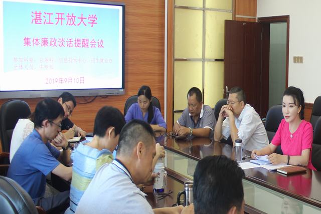 中秋、国庆节将至,为加强警示教育,营造风清气正的节日氛围,同时进一步加强学校党风廉政教育工作,9月10日,湛江开放大学召开2019年第三季度集体廉政谈话提醒会议,纪委书记江宇静主持会议,学校行政科、招生就业中心、信息技术中心科室全体人员及中专部等重要科室和关键岗位人员参加会议。
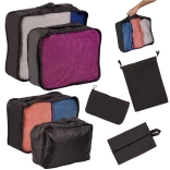 Četiri kocke za odjeću, vrećica za cipele, vaku vrećica i mala džepna torbica za sitnice – sve usklađeno u jednom pakiranju.
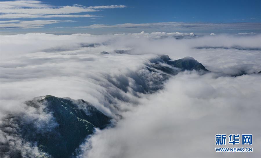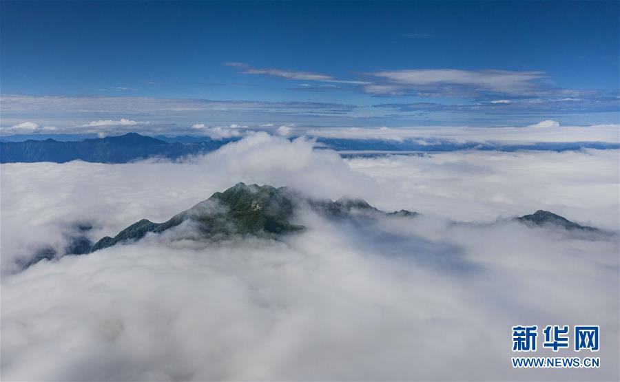 6月10日拍摄的汉中市南郑区龙头山主峰云海景观(无人机照片)。 新华社记者 陶明 摄
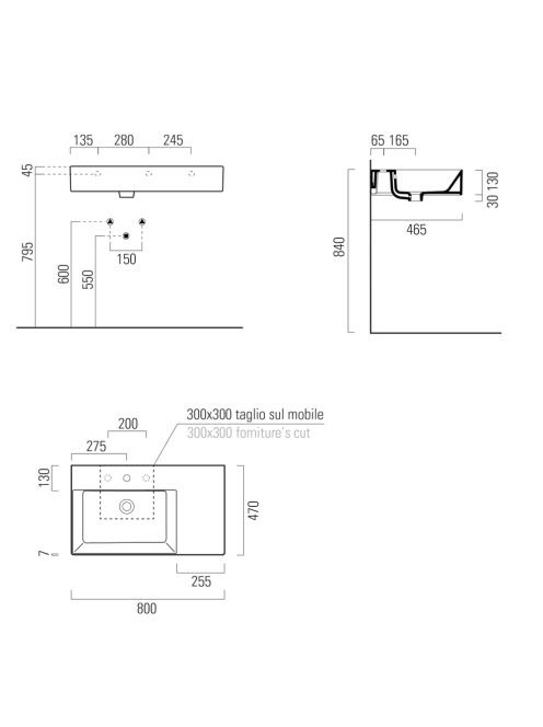 Sapho Gsi Kube X kerámia mosdó 1 csapfurattal 80x47 cm, Extr
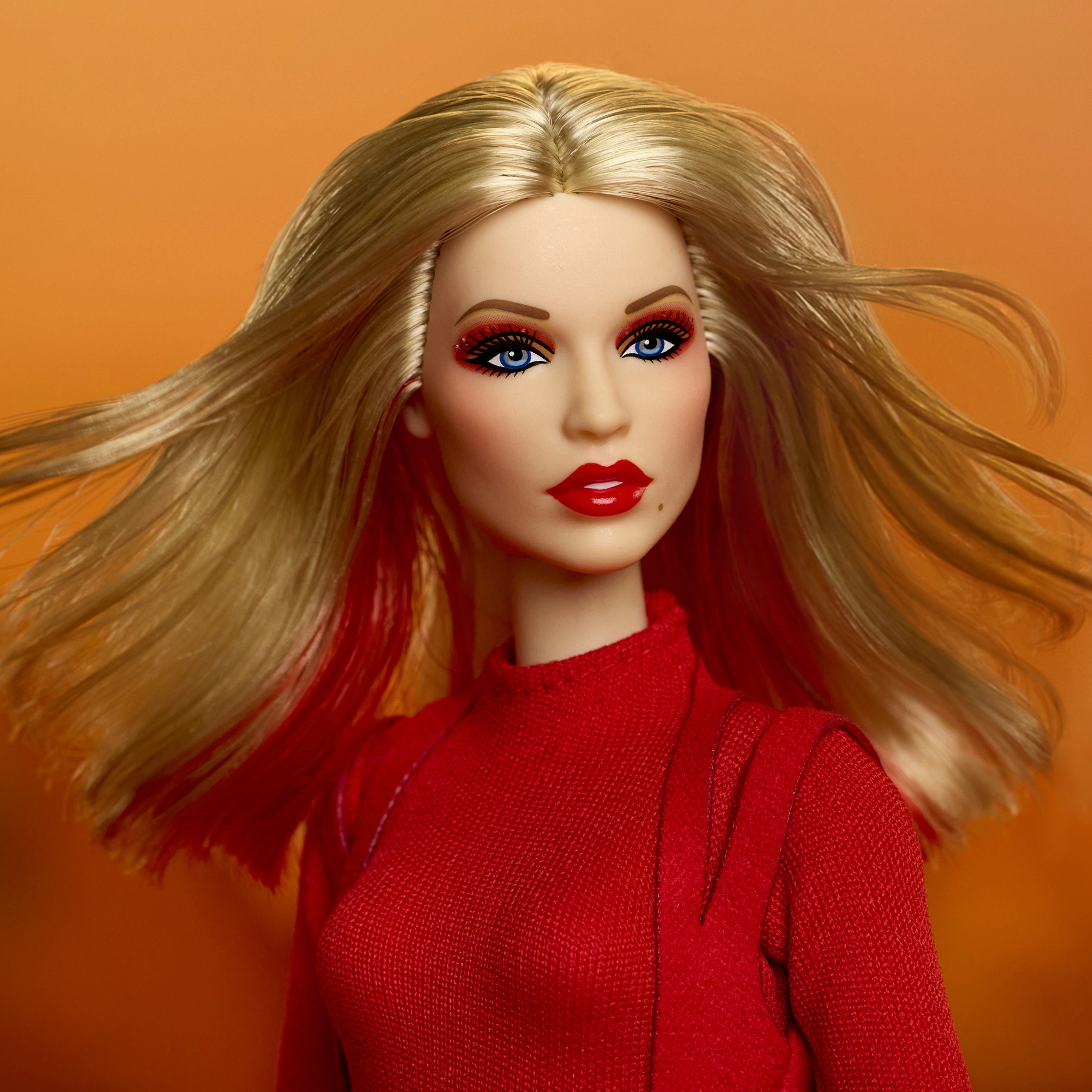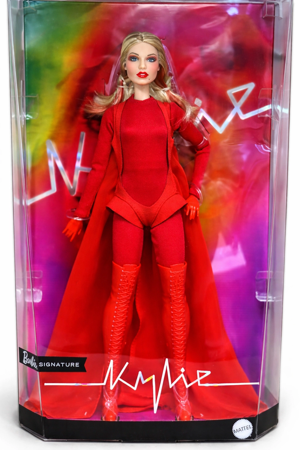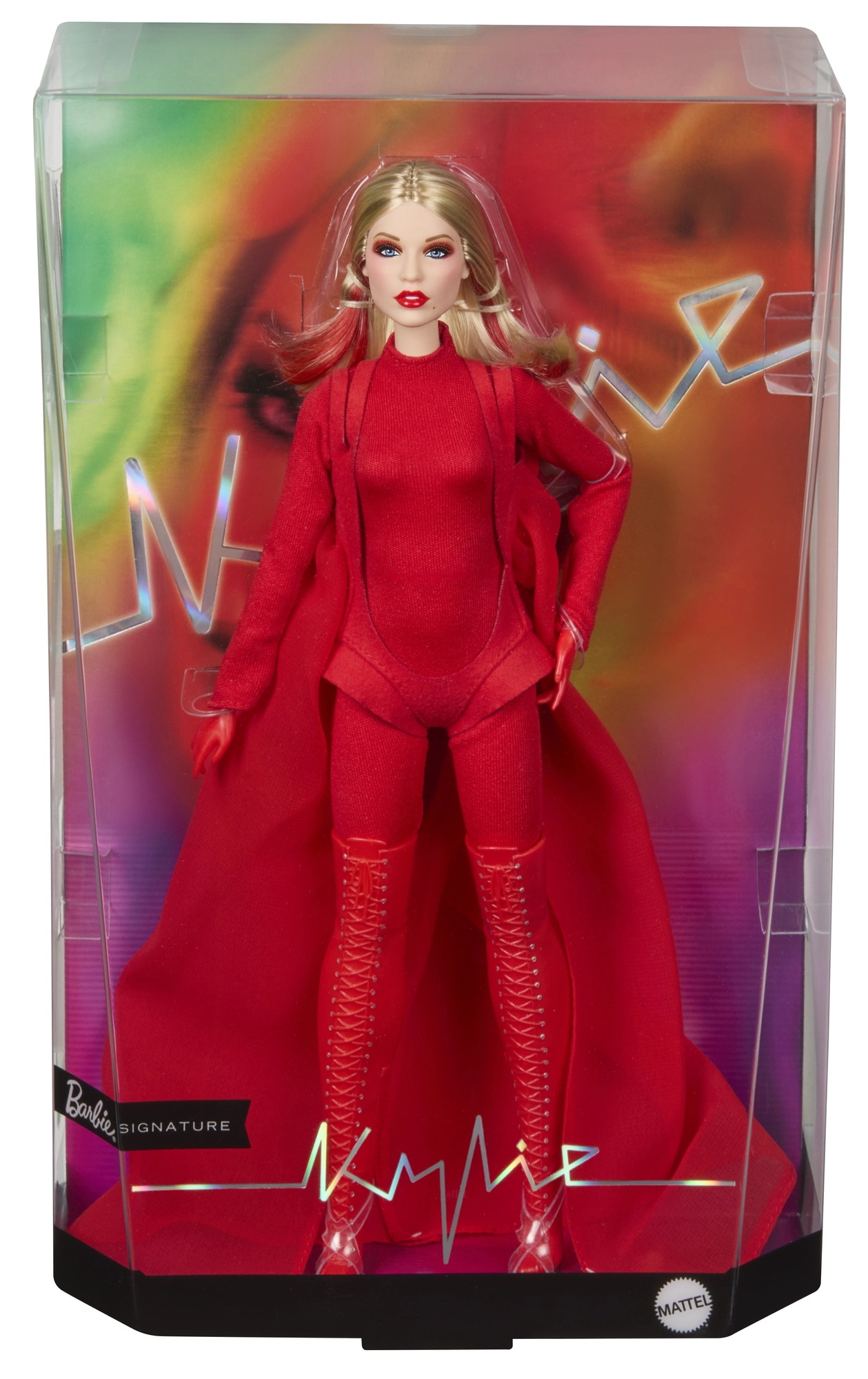 Esta edición de colección de Barbie rinde homenaje a mujeres inspiradoras en la serie Role Models. La muñeca representa a Kylie Minogue con un dramático estilismo rojo inspirado en un videoclip musical, con cabello rubio largo y sutiles mechas rojas, ojos azules y un maquillaje preciso para un look auténtico de escenario.
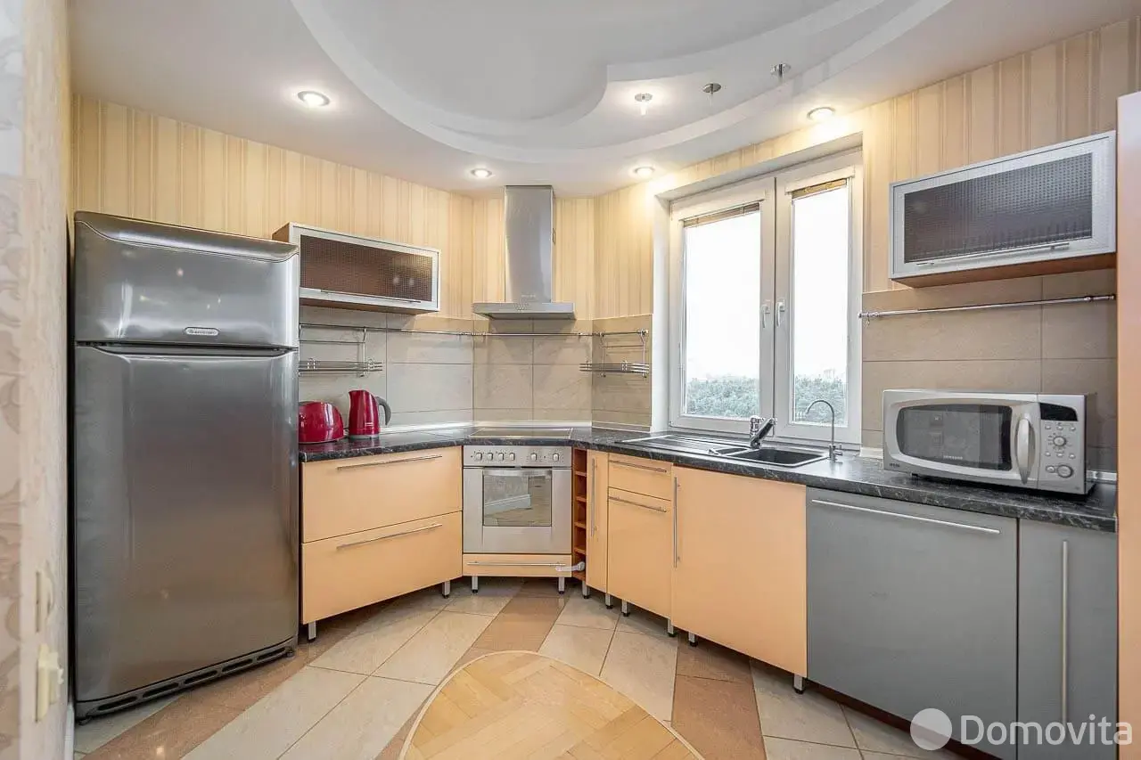 Встроенная кухня с техникой (варочная поверхность, духовой шкаф, вытяжка, посудомоечная машинка, холодильник). Классное решение, которое Вам точно понравится-раковина с рабочей зоной размещены под окном.
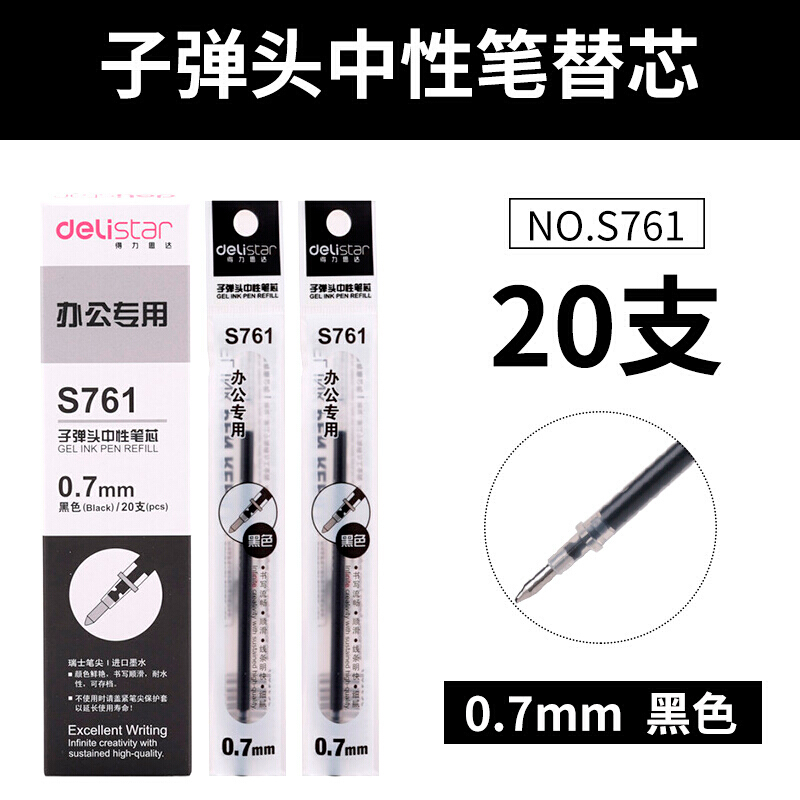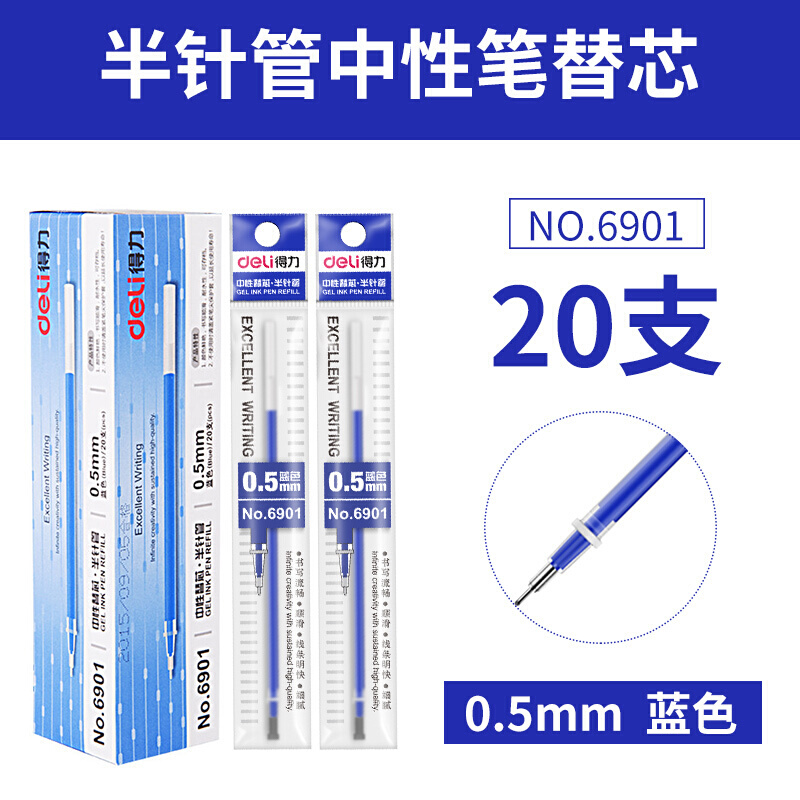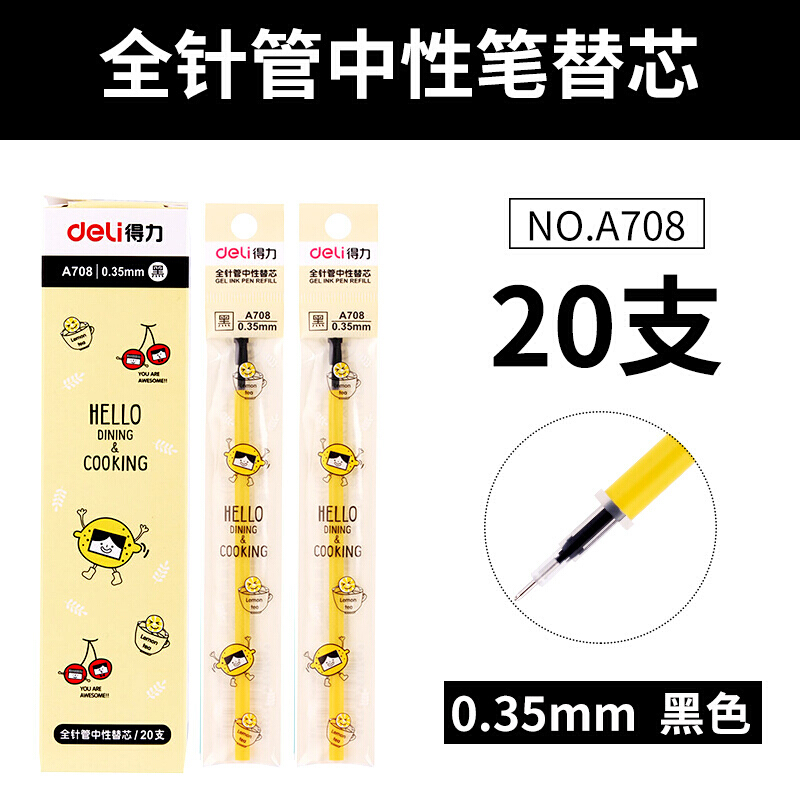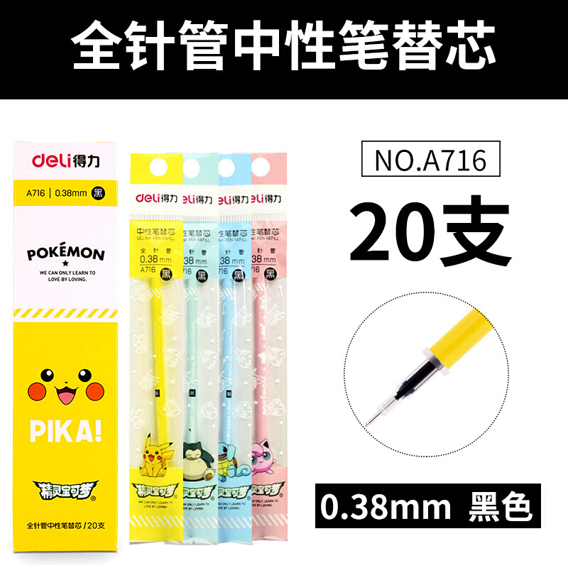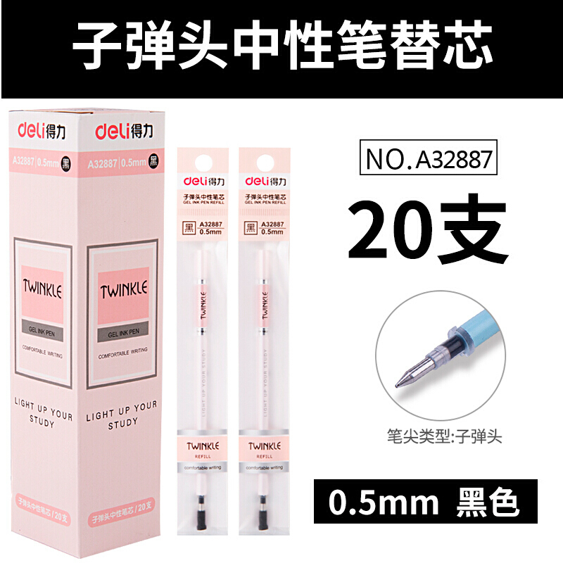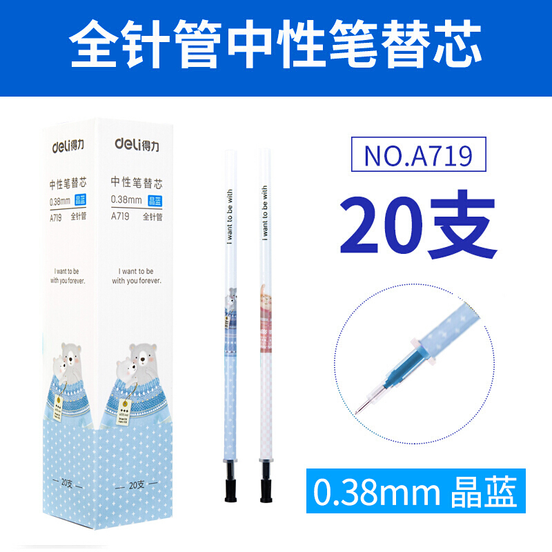 - 商品名称:得力中性笔芯批发0.5mm头黑色笔芯0.38替芯全针管水笔芯A32915黑色0.38全针管
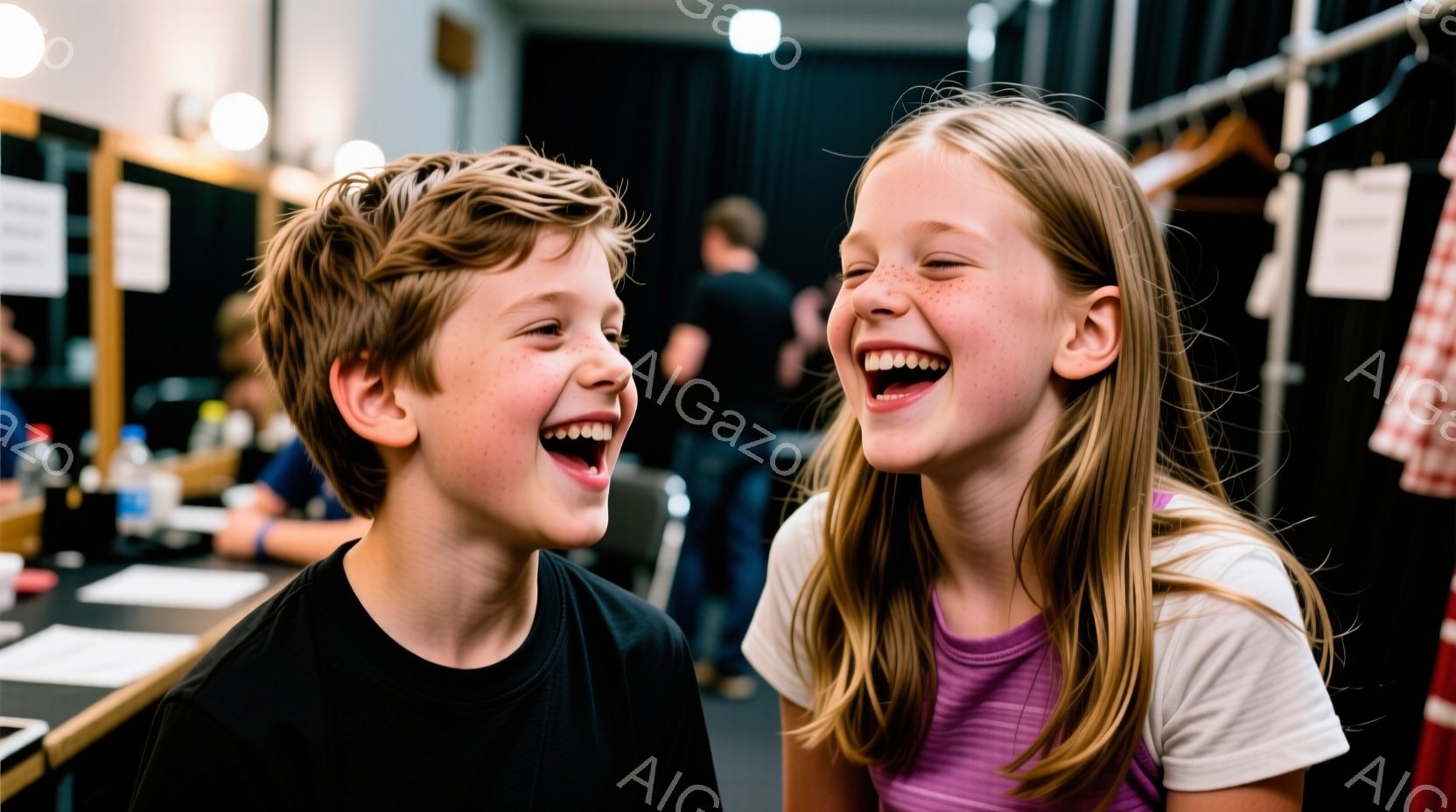 二人の子供が笑いながら互いに顔を寄せ合っている。男の子は黒いTシャツを着ており、少し癖のある茶色の髪をしている。女の子はピンク、白、黄色のストライプのTシャツを着て、長くストレートの髪をしている。
*-*-*
**Work request**
Retype all records exactly as shown above, images excluded.

**Written solution**
 中秋、国庆节将至,为加强警示教育,营造风清气正的节日氛围,同时进一步加强学校党风廉政教育工作,9月10日,湛江开放大学召开2019年第三季度集体廉政谈话提醒会议,纪委书记江宇静主持会议,学校行政科、招生就业中心、信息技术中心科室全体人员及中专部等重要科室和关键岗位人员参加会议。
 Četiri kocke za odjeću, vrećica za cipele, vaku vrećica i mala džepna torbica za sitnice – sve usklađeno u jednom pakiranju.
 6月10日拍摄的汉中市南郑区龙头山主峰云海景观(无人机照片)。 新华社记者 陶明 摄
 Sapho Gsi Kube X kerámia mosdó 1 csapfurattal 80x47 cm, Extr
 Esta edición de colección de Barbie rinde homenaje a mujeres inspiradoras en la serie Role Models. La muñeca representa a Kylie Minogue con un dramático estilismo rojo inspirado en un videoclip musical, con cabello rubio largo y sutiles mechas rojas, ojos azules y un maquillaje preciso para un look auténtico de escenario.
 Встроенная кухня с техникой (варочная поверхность, духовой шкаф, вытяжка, посудомоечная машинка, холодильник). Классное решение, которое Вам точно понравится-раковина с рабочей зоной размещены под окном.
 - 商品名称:得力中性笔芯批发0.5mm头黑色笔芯0.38替芯全针管水笔芯A32915黑色0.38全针管
 二人の子供が笑いながら互いに顔を寄せ合っている。男の子は黒いTシャツを着ており、少し癖のある茶色の髪をしている。女の子はピンク、白、黄色のストライプのTシャツを着て、長くストレートの髪をしている。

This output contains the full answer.